**WORK INSTRUCTIONS:** Your answer should repeat exactly the lines from the one holding "- すぐれた鎮痛消炎効果をも" through the end of the data, and it should contain no pictures.

**INFORMATION SUPPLIED:**

::::::

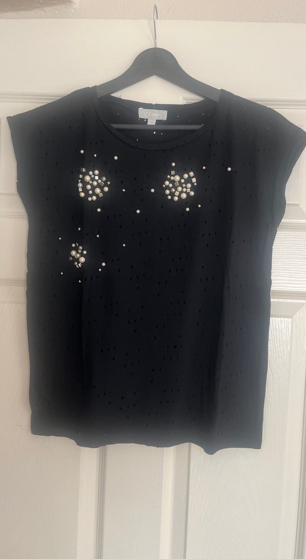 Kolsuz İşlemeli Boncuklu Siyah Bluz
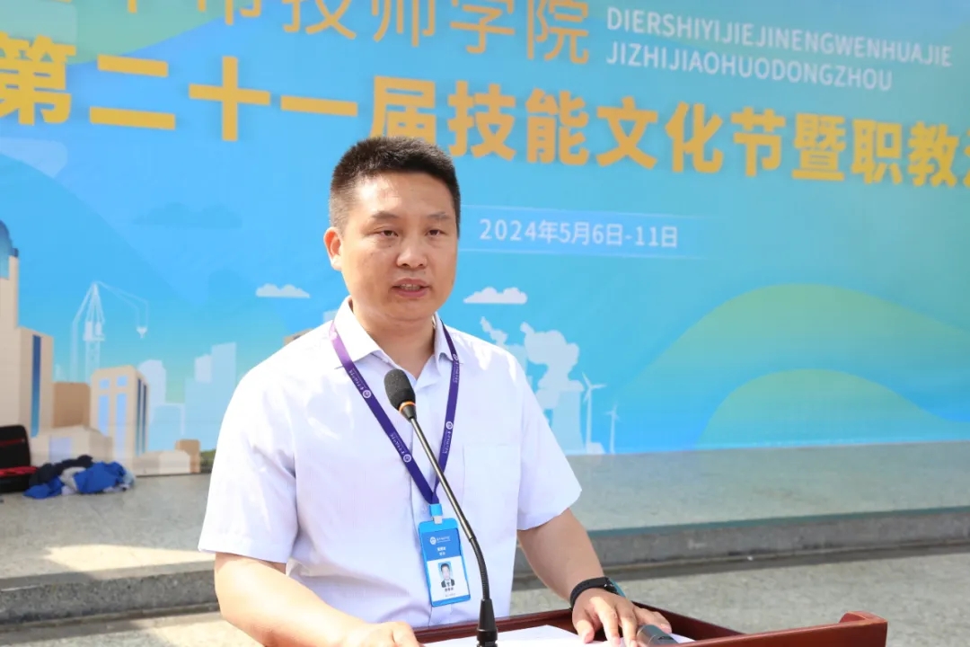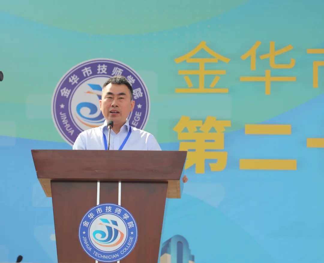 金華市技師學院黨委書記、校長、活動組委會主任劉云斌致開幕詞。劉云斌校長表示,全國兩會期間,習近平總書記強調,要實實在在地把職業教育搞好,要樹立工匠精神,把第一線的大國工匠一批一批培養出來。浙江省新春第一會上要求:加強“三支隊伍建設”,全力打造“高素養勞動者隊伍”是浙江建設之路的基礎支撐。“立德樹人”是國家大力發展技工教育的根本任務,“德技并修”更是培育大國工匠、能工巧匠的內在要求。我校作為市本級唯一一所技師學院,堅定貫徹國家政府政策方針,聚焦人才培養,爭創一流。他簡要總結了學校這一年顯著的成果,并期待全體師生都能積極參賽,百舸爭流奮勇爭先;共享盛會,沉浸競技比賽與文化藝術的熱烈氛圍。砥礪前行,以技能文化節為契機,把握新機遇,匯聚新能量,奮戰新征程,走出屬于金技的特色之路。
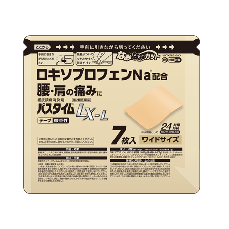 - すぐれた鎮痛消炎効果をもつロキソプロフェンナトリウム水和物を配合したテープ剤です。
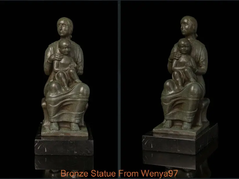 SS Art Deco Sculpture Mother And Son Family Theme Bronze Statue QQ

::::::

**ANSWER FOR THIS EXERCISE:**
 - すぐれた鎮痛消炎効果をもつロキソプロフェンナトリウム水和物を配合したテープ剤です。
 SS Art Deco Sculpture Mother And Son Family Theme Bronze Statue QQ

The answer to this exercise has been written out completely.